My latest project, started a few months ago is to design an ARM processor based System on Module (SoM).  These are common in the industry, since the difficult high speed, multilayer board can be designed by an expert.  The customer designer just has to design and layout the less dense, easier low speed peripheral interfaces.  The problem with these is they are packaged into lay down modules, where the module is parallel or nearly parallel to the board.  If you want to put a bunch of these into a small area you waste a lot of board space under those modules.

I've decided to take the BeagleBone Black's open design and move it into a module that can be more easily integrated into my projects.  Specifically I want to build a board that plugs into the backplane at right angles to allow a bunch of these in a small amount of space.  

The Beaglebone Black is a small hacker friendly ARM board that uses TI's AM335x line of processors.  1Ghz, 512MB RAM and 10/100 or 1GB ethernet for about $45.  About the same processing power as a two year old cell phone, and only using a few watts of power.

I want a bunch of them in a server rack as small nodes in a hosting or compute cluster.  My idea is to repackage the BeagleBone Black into a DIMM module style board.  DIMM memory module connectors are dense (200+pins), cheap, and require only the backplane side connector.  The module side connector is just a card edge.
If you've ever looked at a computer motherboard these modules are often placed very close to each other.  My design will be able to house several hundred processors in 1 or 2U rack units.  This is almost unheard of density, and is an area being actively pursued by HP, Google and a few other vendors.  My design will be a little simpler, hopefully a lot cheaper, and more accessible.  

To get there I need to do my first 4 or 6 layer PCB, with higher speed signals and a 324 pin BGA package.  This is turning out to be a lot more complex than I expected.  I've been at it for a few weeks and Eagle just isn't working out great.  

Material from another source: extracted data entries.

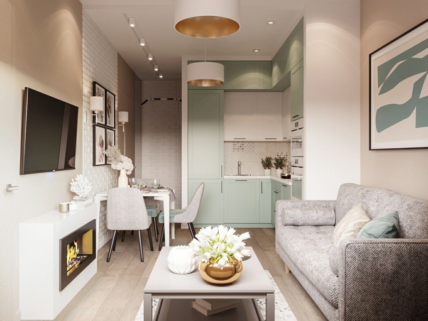 Кухня-гостиная 16 кв.м с диваном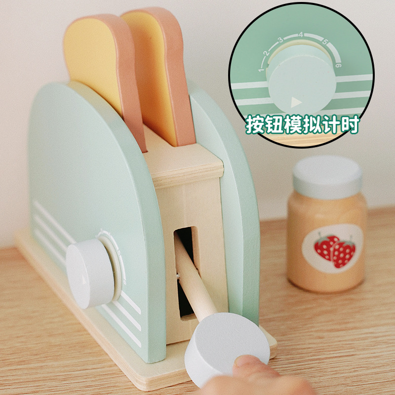 儿童早教木质过家家仿真面包机制作面包套装男孩女孩宝宝厨房玩具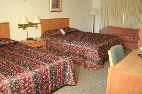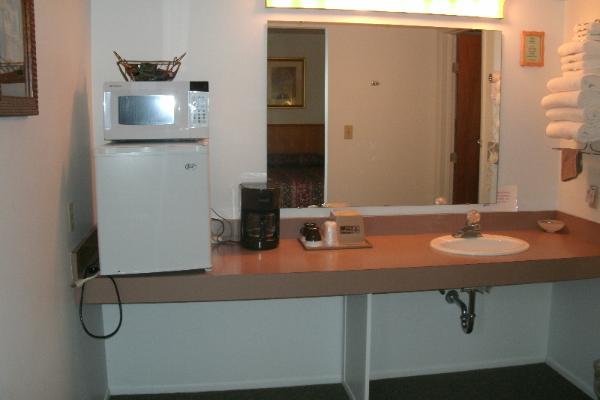 | Our "Regular" Rooms All of our rooms are large, spacious, and contain at least 2 queen sized beds. Microwaves, in-room coffee, cable- TV, small refrigerators, a tub with a shower, free wireless internet, and a large vanity area are all “standard equipment!” Choose from convenient main floor rooms, second floor rooms with a front balcony, or quiet corner rooms. All rooms are decorated to be more like your bedroom than a motel room! |

Below you can see I've escape routed most of the BGA package on the right.  I'm trying to figure out a clean way to route all of the traces to the 4GB DDR3 memory module on the left.  The data lines at the bottom went OK though their lengths differ more than I want.  The address lines at the top are more complex, and have been trouble.  Eagle's has a tool for measuring the lengths of signals, but it doesn't have a tool for making a group of more than two signals the same length. 
So while I can't afford the cost, and I really don't want to learn a new app, I'm going to try Altium.  Well see how that goes in a future post.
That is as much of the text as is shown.